Create a file src/app/page.tsx and add the following code:

'use client';
import {
LiveKitRoom,
RoomAudioRenderer,
useLocalParticipant,
} from '@livekit/components-react';
import { useState } from "react";
export default () => {
const [token, setToken] = useState<string | null>(null);
const [url, setUrl] = useState<string | null>(null);
return (
<>
<main>
{token === null ? (<button onClick={async () => {
const {accessToken, url} = await fetch('/api/token').then(res => res.json());
setToken(accessToken);
setUrl(url);
}}>Connect</button>) : (
<LiveKitRoom
token={token}
serverUrl={url}
connectOptions={{autoSubscribe: true}}
>
<ActiveRoom />
</LiveKitRoom>
)}
</main>
</>
);
};
const ActiveRoom = () => {
const { localParticipant, isMicrophoneEnabled } = useLocalParticipant();
return (
<>
<RoomAudioRenderer />
<button onClick={() => {
localParticipant?.setMicrophoneEnabled(!isMicrophoneEnabled)
}}>Toggle Microphone</button>
<div>Audio Enabled: { isMicrophoneEnabled ? 'Unmuted' : 'Muted' }</div>
</>
);
};

This sets up the main page component that renders the VideoConference UI.

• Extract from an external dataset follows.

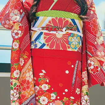 紗綾形地紋が浮かび上がる高級感のある生地に全体を暖かみのある色をメインに構成した王道古典振袖です。所々に差し色として使用した緑の葉が古典美を深めます。雪輪と隣り合わせに配した桜や、菊、紅葉など季節の移ろいを身にまとい、何年経っても色褪せない思い出を。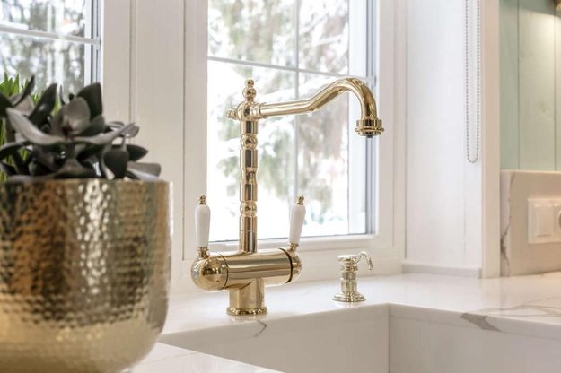 Отдельный канал для фильтрованной воды — опция, которой оснащаются многие смесители с фильтром. Это экономичный, удобный вариант, не требующий установки дополнительного смесителя или покупки бутилированной воды. Монтаж его будет таким же, как монтаж обычного крана, но потребуется, кроме подключения к горячей и холодной воде, еще одно дополнительное подключение — к фильтру. Система фильтров может размещаться под раковиной, в кухонной тумбе, и соединяться со смесителем при помощи гибкой трубки. Проточные фильтры позволяют задерживать соли металлов, защищают от болезнетворных микроорганизмов. В зависимости от качества воды картриджи в фильтрах требуется менять каждый год или чаще. Еще более эффективны фильтры с системой обратного осмоса, которые не пропускают до 98% посторонних примесей.

7. Run the frontend application

In your terminal, run:

npm run dev

This starts the app on localhost:3000.

8. Talk with the AI-powered agent

Once you have the server agent and frontend application up and running, you can start talking to the agent, asking questions, or discussing any topic you'd like. When you join a room through the web UI, an agent job request is automatically sent to your worker. The worker accepts the job, and an AI-powered agent joins the room, ready to engage in conversation. The agent will listen for your voice, process your speech using Deepgram's speech-to-text (STT) technology, generate responses with OpenAI's advanced language models, and reply to you verbally using the text-to-speech (TTS) service from ElevenLabs.